WHAT TO DO:
An exact copy of every record, with no pictures, please.
○ ○ ○
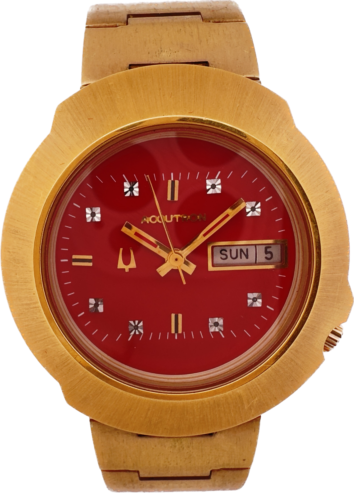 The 1970s Accutrons tended to be really chunky, which was common for many watches of that era. This is no exception, the dial color gives it a bit of elegance. The wine red color fits the 70s but lacks the bright even many times neon colors of the era. This has a US-made caliber powering it 218 2. This particular chunky case model is 852-1. It has a stainless steel back with a brushed-finished gold-plated bezel. I don't have the service history but it is keeping time.
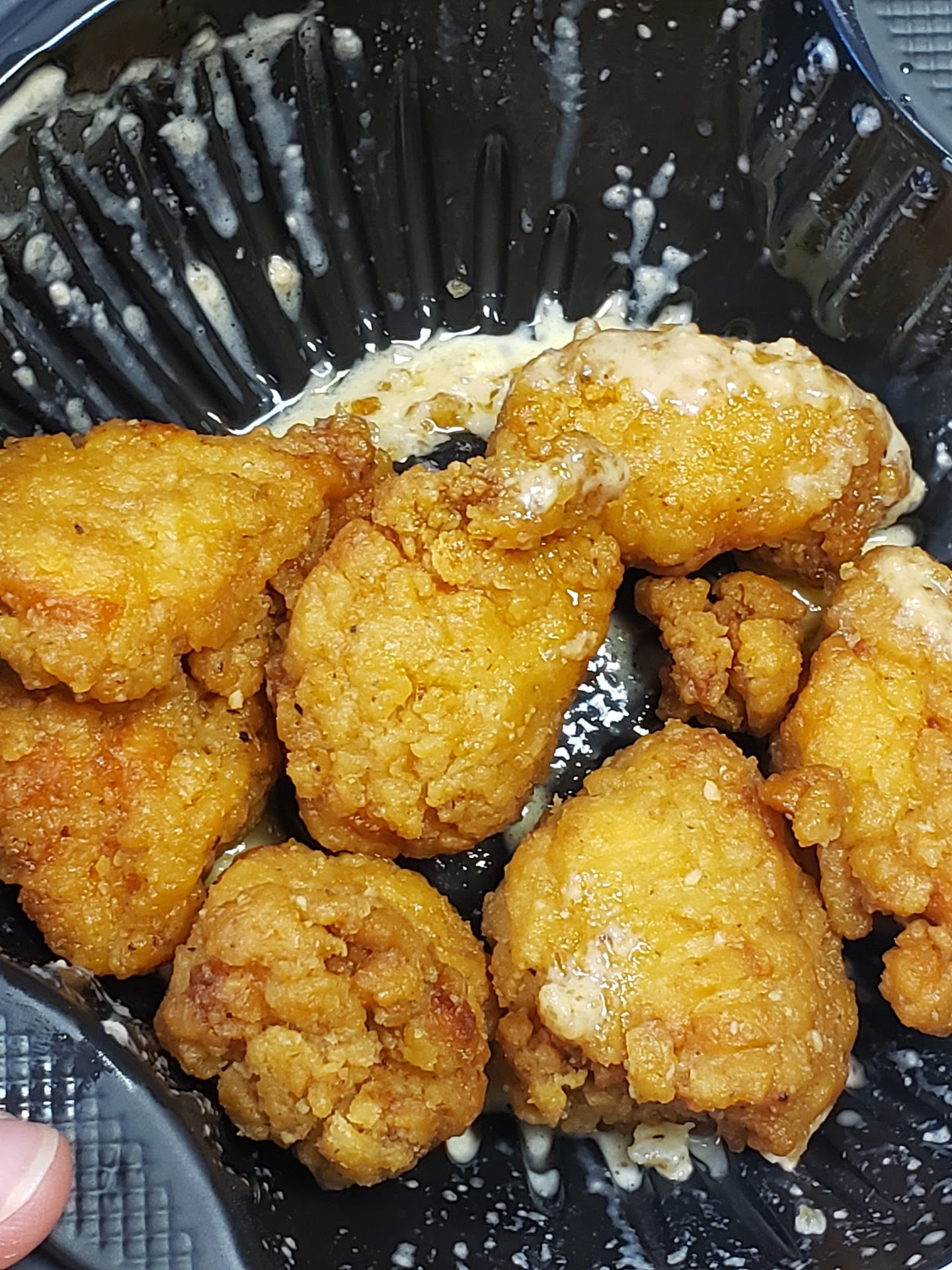 Today, same wings, and the breading tasted like they had been heated after being fried. Sat under a warming lamp long, popped in the oven, or refried. I'm not sure what the a actual cause was, but they hurt my teeth. There was no sauce on the wings, only a little in the crease of the container (see picture). I had to remove the outside breading and press the wings into the tiny lil bit of sauce to try to get any flavor. Very...
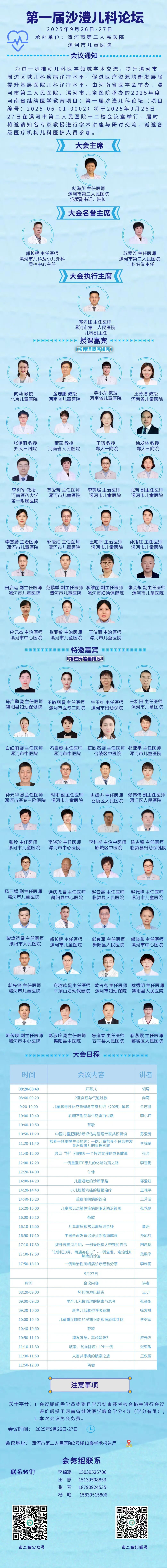為進(jìn)一步推動(dòng)兒科醫(yī)學(xué)領(lǐng)域?qū)W術(shù)交流,提升我市及周邊區(qū)域兒科疾病診療水平,促進(jìn)醫(yī)療資源均衡發(fā)展,提升基層醫(yī)院兒科診療水平。由河南省醫(yī)學(xué)會(huì)主辦,漯河市第二人民醫(yī)院、漯河市兒童醫(yī)院承辦的2025年度河南省繼續(xù)醫(yī)學(xué)教育項(xiàng)目:第1屆沙澧兒科論壇 (項(xiàng)目編號:2025-06-01-0002)學(xué)術(shù)會(huì)議將于2025年9月26-27日在漯河市第二人民醫(yī)院舉行,現(xiàn)將有關(guān)事項(xiàng)通知如下:
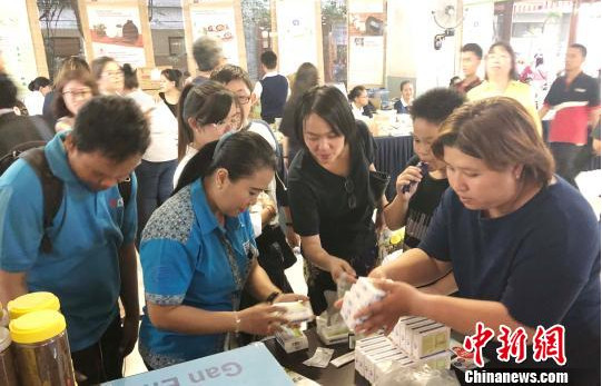 ▲圖為由中國知名中成藥企業(yè)主辦的一場活動(dòng)中,印尼民眾爭相購買太極藿香正汽口服液。鐘欣 攝
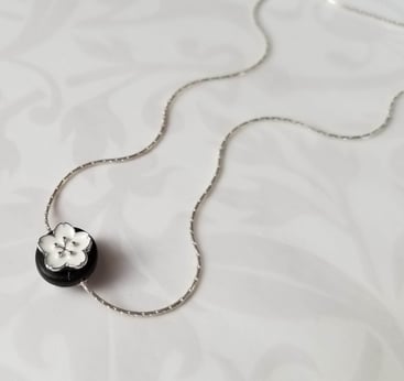Black Tin Rosey Pink Flower Pottery Shard Earrings
○ ○ ○
SOLUTION TO THIS PROBLEM:
 The 1970s Accutrons tended to be really chunky, which was common for many watches of that era. This is no exception, the dial color gives it a bit of elegance. The wine red color fits the 70s but lacks the bright even many times neon colors of the era. This has a US-made caliber powering it 218 2. This particular chunky case model is 852-1. It has a stainless steel back with a brushed-finished gold-plated bezel. I don't have the service history but it is keeping time.
 Today, same wings, and the breading tasted like they had been heated after being fried. Sat under a warming lamp long, popped in the oven, or refried. I'm not sure what the a actual cause was, but they hurt my teeth. There was no sauce on the wings, only a little in the crease of the container (see picture). I had to remove the outside breading and press the wings into the tiny lil bit of sauce to try to get any flavor. Very...
為進(jìn)一步推動(dòng)兒科醫(yī)學(xué)領(lǐng)域?qū)W術(shù)交流,提升我市及周邊區(qū)域兒科疾病診療水平,促進(jìn)醫(yī)療資源均衡發(fā)展,提升基層醫(yī)院兒科診療水平。由河南省醫(yī)學(xué)會(huì)主辦,漯河市第二人民醫(yī)院、漯河市兒童醫(yī)院承辦的2025年度河南省繼續(xù)醫(yī)學(xué)教育項(xiàng)目:第1屆沙澧兒科論壇 (項(xiàng)目編號:2025-06-01-0002)學(xué)術(shù)會(huì)議將于2025年9月26-27日在漯河市第二人民醫(yī)院舉行,現(xiàn)將有關(guān)事項(xiàng)通知如下:
 ▲圖為由中國知名中成藥企業(yè)主辦的一場活動(dòng)中,印尼民眾爭相購買太極藿香正汽口服液。鐘欣 攝
Black Tin Rosey Pink Flower Pottery Shard Earrings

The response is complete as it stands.